Having defined the function let's define the parameters for the simulation.

# mutation rate calibrated to give ≈ 1 mutant per plate.
mut_rate_inherit = 3e-6;
# initial number of cells
n_0 = 1000;
# number of cell divisions
n_divisions = 7;
# note that 128000 = 1000 * 2^7 if you were wondering why we chose that number

Now let's repeat the simulation 1000 times to plot the histogram. This should be pretty simple now that we have defined our fancy function.

# Define number of simulations
n_simulations = 1000
# Initialize array to save the final number of mutant cells
outcomes_inherit = np.zeros(n_simulations)
# Loop through number of cells
for i in np.arange(n_simulations):
    # Register final number of mutant cells
    outcomes_inherit[i] = inherited_mut(mut_rate_inherit, n_0, n_divisions)

Now let's look at the distribution.

plt.hist(outcomes_inherit, np.arange(np.max(outcomes_inherit)))
plt.xlabel('number of resistant mutants')
plt.ylabel('frequency')
_= plt.title('Inherited mutations hypothesis distribution of resistant mutants')

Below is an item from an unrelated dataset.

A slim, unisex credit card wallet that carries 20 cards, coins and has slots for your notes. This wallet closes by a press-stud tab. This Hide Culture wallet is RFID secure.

Right away we can see that these distributions are extremely different. Just to confirm that let's compute the relevant quantities.

print('Mean number of mutants: ', np.mean(outcomes_inherit))

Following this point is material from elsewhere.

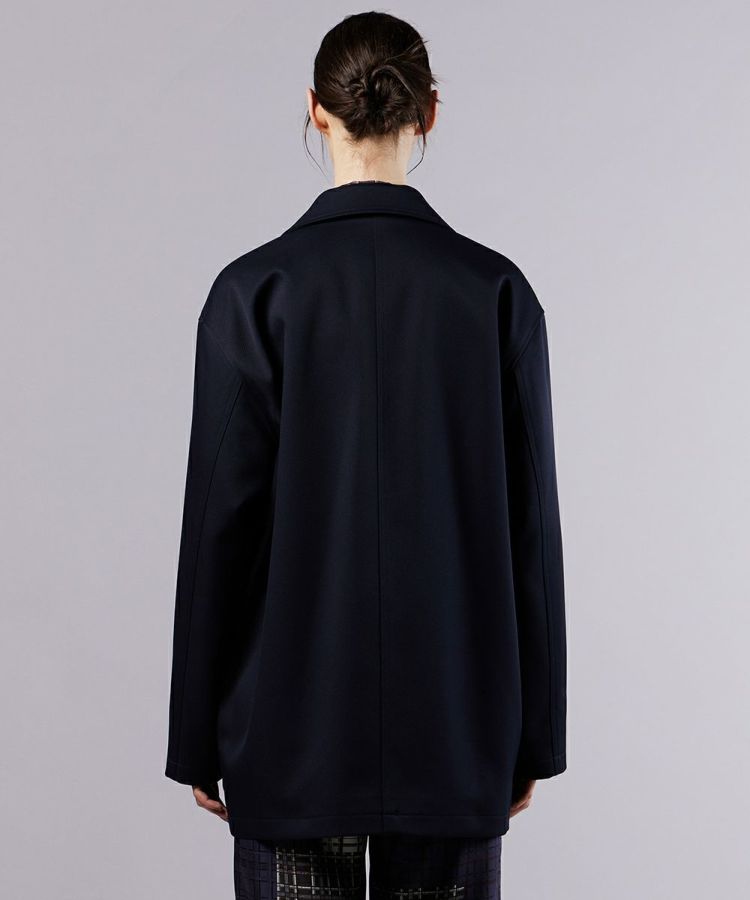 独特の膨らみとハリ感が特徴的なポリエステルツイル素材で仕上げたアウター。程よく厚みがありながらも着心地は軽やかに仕上げ、長時間着用してもストレスなく過ごせます。肌なじみの良いネイビーカラーが落ち着いた大人の上品さを演出。ミドル丈のすっきりとしたシルエットとシンプルなデザインは、カジュアルからきれいめまで幅広いコーディネートにマッチしてくれます。

Mean number of mutants:  1.413

print('Variance in number of mutants: ', np.var(outcomes_inherit))

Variance in number of mutants:  30.334431

print('Fano-factor: ', np.var(outcomes_inherit) / np.mean(outcomes_inherit))

Fano-factor:  21.468104034

Wow! There are definitely significant differences between the expected distirbutions given both hypothesis. This was the beauty of Luria and Delbruck's insight . Quantitative predictions testable with a clever experiment allow them to distinguish between proposed inheritance mechanisms!